I've been messing around with GA recently, esp indirect encoding methods. This paper seems in support of perspectives I've read while researching. In particular, that you can decompose weight matrices into spectral patterns - similar to JPEG compression and search in compressed space.

Something I've been interested in recently is - I wonder if it'd be possible to encode a known-good model - some massive pretrained thing - and use that as a starting point for further mutations.

Like some other comments in this thread have suggested, it would mean we can distill the weight patterns of things like attention, convolution, etc. and not have to discover them by mutation - so - making use of the many phd-hours it took to develop those patterns, and using them as a springboard. If papers like this are to be believed, more advanced mechanisms may be able to be discovered.

▲

altairprime 2 days ago | parent | prev | next [-]

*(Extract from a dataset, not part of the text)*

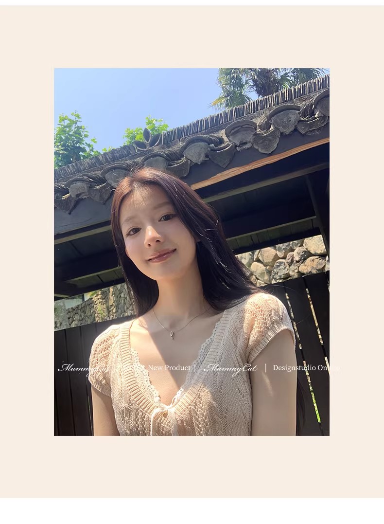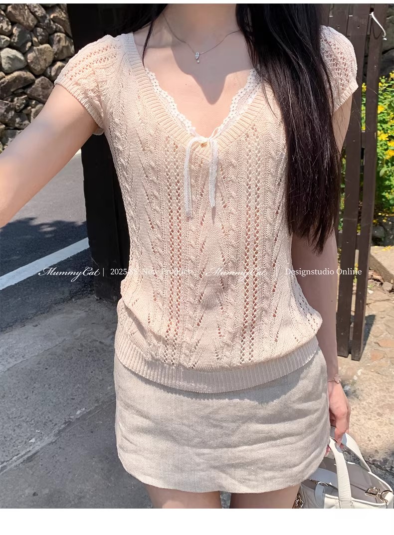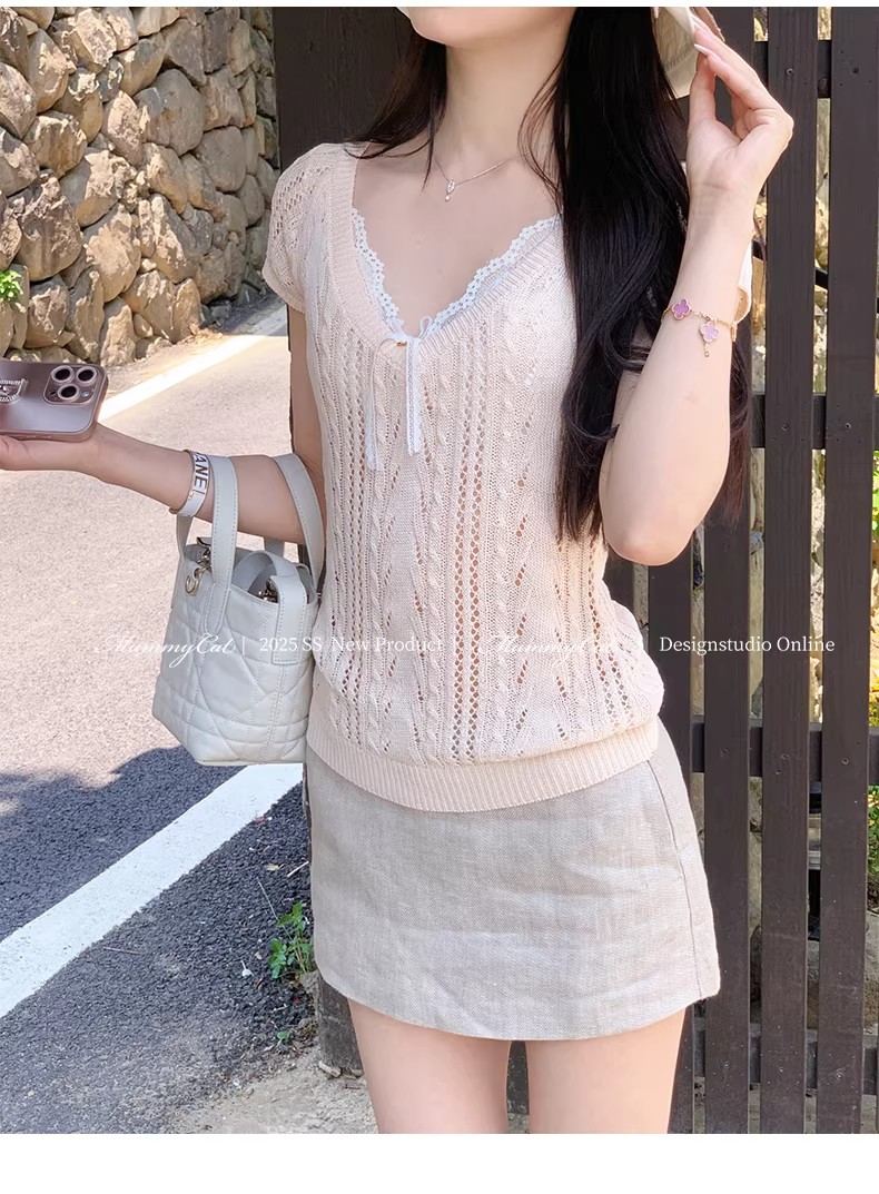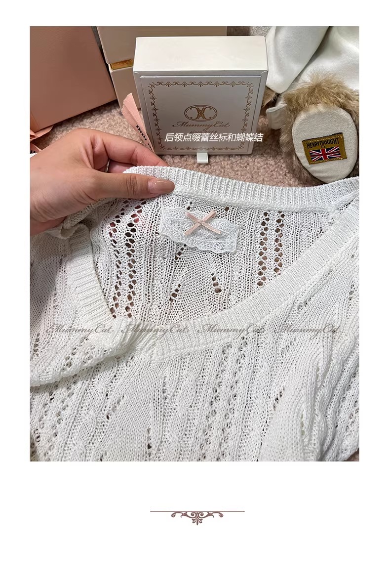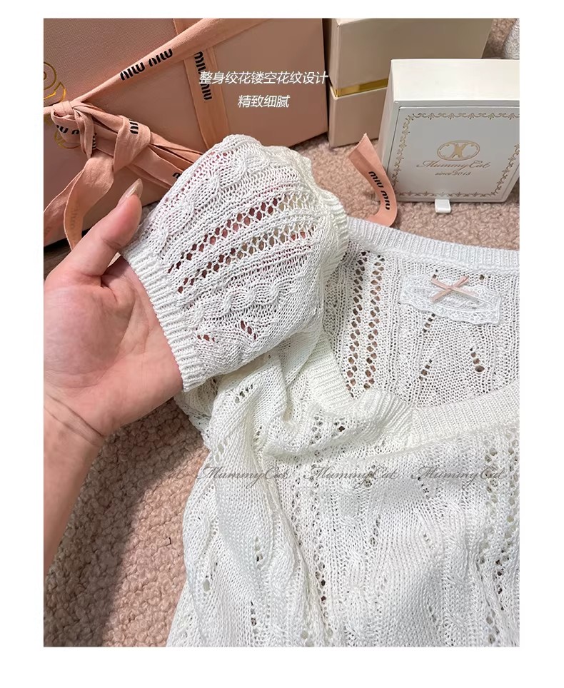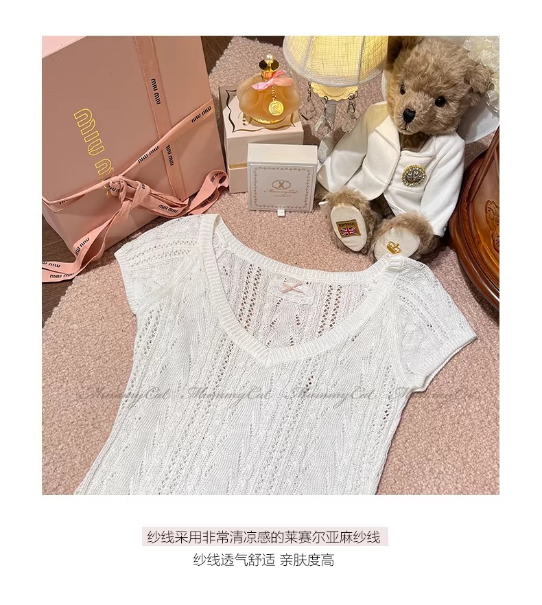 우유 화이트 나비 넥타이 홀로우 아웃 니트 반팔 티셔츠 여성 2026 여름 프랑스식 사소한 부드러운 바람 맨위

That would be an excellent use of GA and all the other 'not based on training a network' methods, now that we have a target and can evaluate against it!

	▲	YouAreWRONGtoo 2 days ago \| parent [-]
		[dead]

▲

joquarky 2 days ago | parent | prev | next [-]

I got crazy obsessed with EvoLisa¹ back in the day and although there is nothing in common between that algorithm and those that make up training an LLM, I can't help but feel like they are similar.

¹ https://www.rogeralsing.com/2008/12/07/genetic-programming-e...

▲

CalChris 2 days ago | parent | prev [-]

I'm the same but with vector quantization.